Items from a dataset
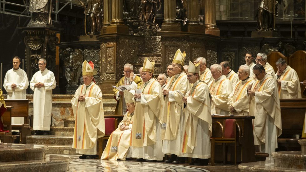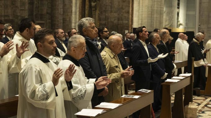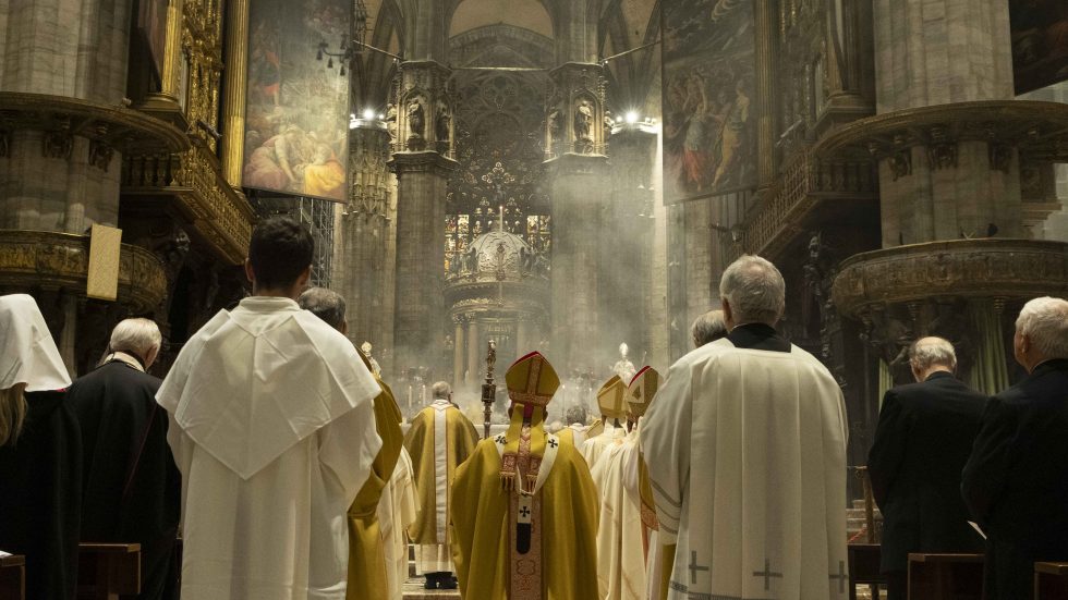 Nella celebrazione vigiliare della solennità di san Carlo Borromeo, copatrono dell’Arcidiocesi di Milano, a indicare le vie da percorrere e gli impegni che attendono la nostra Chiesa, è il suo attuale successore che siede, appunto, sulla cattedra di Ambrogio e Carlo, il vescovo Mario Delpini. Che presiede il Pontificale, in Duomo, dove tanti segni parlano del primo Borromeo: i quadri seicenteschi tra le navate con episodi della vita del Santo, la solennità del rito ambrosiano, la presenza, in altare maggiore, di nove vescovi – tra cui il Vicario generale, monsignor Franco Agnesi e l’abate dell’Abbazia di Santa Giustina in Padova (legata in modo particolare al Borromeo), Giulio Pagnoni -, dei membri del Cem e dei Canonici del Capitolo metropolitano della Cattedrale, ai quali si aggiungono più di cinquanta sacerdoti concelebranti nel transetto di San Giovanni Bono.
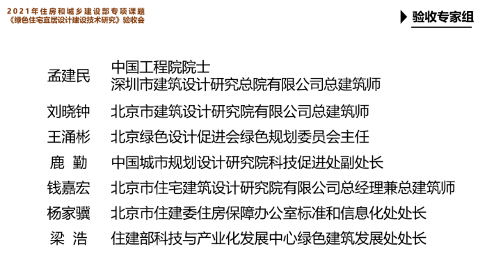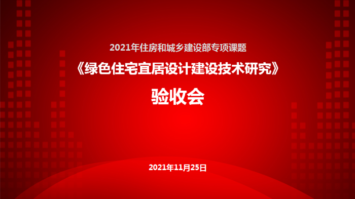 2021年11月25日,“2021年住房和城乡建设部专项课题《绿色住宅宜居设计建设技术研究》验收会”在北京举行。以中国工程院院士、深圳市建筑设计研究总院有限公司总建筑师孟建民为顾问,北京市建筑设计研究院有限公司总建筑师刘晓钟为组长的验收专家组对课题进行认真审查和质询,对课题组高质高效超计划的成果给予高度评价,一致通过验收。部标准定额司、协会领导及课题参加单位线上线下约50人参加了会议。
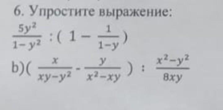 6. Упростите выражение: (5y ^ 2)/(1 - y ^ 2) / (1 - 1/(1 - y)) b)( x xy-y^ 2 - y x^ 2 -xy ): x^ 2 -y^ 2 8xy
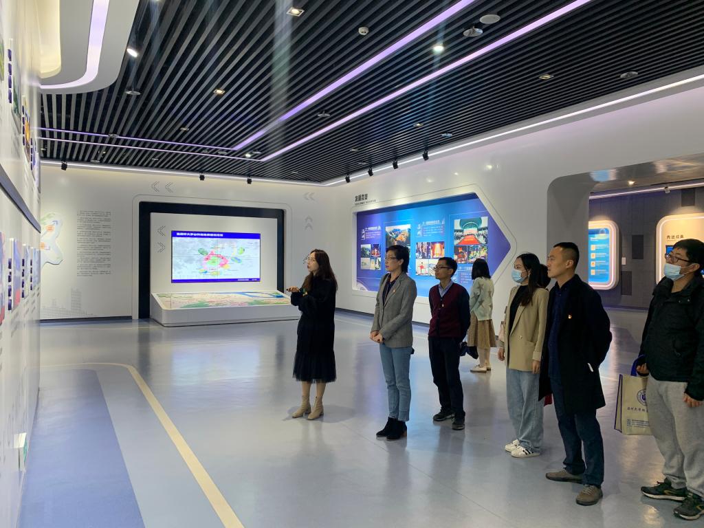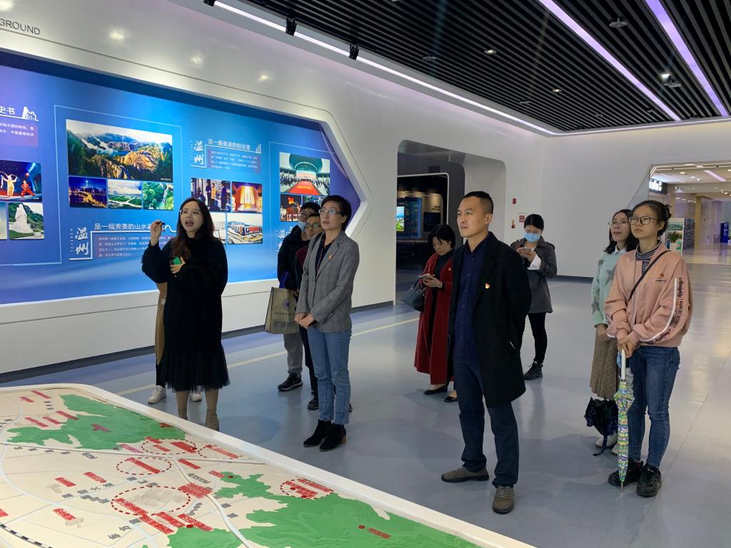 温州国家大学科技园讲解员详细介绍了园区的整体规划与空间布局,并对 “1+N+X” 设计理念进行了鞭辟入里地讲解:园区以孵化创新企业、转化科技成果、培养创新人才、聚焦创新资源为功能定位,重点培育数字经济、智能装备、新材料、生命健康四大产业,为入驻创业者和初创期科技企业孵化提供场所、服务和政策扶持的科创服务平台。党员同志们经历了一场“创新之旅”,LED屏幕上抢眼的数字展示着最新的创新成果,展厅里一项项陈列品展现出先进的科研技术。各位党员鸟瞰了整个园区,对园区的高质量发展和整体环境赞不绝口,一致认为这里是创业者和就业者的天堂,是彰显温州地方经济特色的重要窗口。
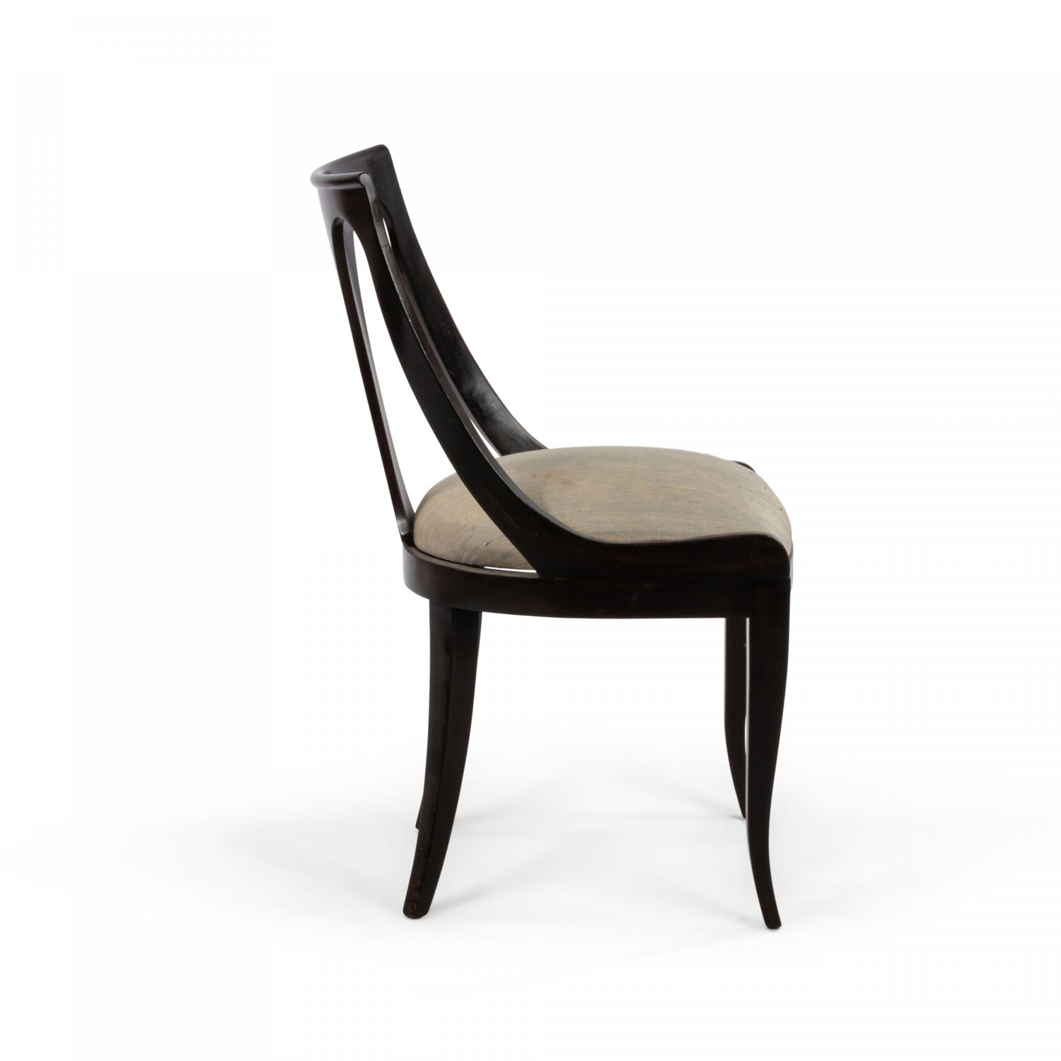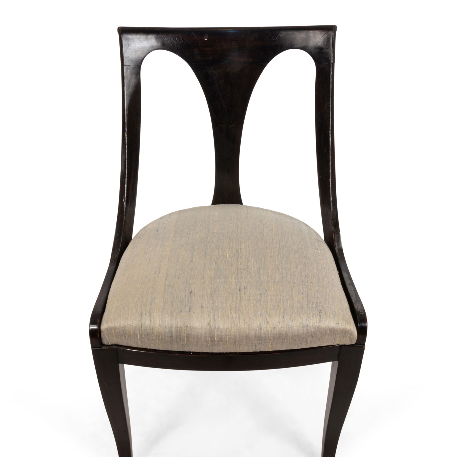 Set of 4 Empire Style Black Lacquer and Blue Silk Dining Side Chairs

WHAT IS EXPECTED »
Output every entry word for word, but omit the pictures.

RESULT FOR THIS EXERCISE »
 Nella celebrazione vigiliare della solennità di san Carlo Borromeo, copatrono dell’Arcidiocesi di Milano, a indicare le vie da percorrere e gli impegni che attendono la nostra Chiesa, è il suo attuale successore che siede, appunto, sulla cattedra di Ambrogio e Carlo, il vescovo Mario Delpini. Che presiede il Pontificale, in Duomo, dove tanti segni parlano del primo Borromeo: i quadri seicenteschi tra le navate con episodi della vita del Santo, la solennità del rito ambrosiano, la presenza, in altare maggiore, di nove vescovi – tra cui il Vicario generale, monsignor Franco Agnesi e l’abate dell’Abbazia di Santa Giustina in Padova (legata in modo particolare al Borromeo), Giulio Pagnoni -, dei membri del Cem e dei Canonici del Capitolo metropolitano della Cattedrale, ai quali si aggiungono più di cinquanta sacerdoti concelebranti nel transetto di San Giovanni Bono.
 2021年11月25日,“2021年住房和城乡建设部专项课题《绿色住宅宜居设计建设技术研究》验收会”在北京举行。以中国工程院院士、深圳市建筑设计研究总院有限公司总建筑师孟建民为顾问,北京市建筑设计研究院有限公司总建筑师刘晓钟为组长的验收专家组对课题进行认真审查和质询,对课题组高质高效超计划的成果给予高度评价,一致通过验收。部标准定额司、协会领导及课题参加单位线上线下约50人参加了会议。
 6. Упростите выражение: (5y ^ 2)/(1 - y ^ 2) / (1 - 1/(1 - y)) b)( x xy-y^ 2 - y x^ 2 -xy ): x^ 2 -y^ 2 8xy
 温州国家大学科技园讲解员详细介绍了园区的整体规划与空间布局,并对 “1+N+X” 设计理念进行了鞭辟入里地讲解:园区以孵化创新企业、转化科技成果、培养创新人才、聚焦创新资源为功能定位,重点培育数字经济、智能装备、新材料、生命健康四大产业,为入驻创业者和初创期科技企业孵化提供场所、服务和政策扶持的科创服务平台。党员同志们经历了一场“创新之旅”,LED屏幕上抢眼的数字展示着最新的创新成果,展厅里一项项陈列品展现出先进的科研技术。各位党员鸟瞰了整个园区,对园区的高质量发展和整体环境赞不绝口,一致认为这里是创业者和就业者的天堂,是彰显温州地方经济特色的重要窗口。
 Set of 4 Empire Style Black Lacquer and Blue Silk Dining Side Chairs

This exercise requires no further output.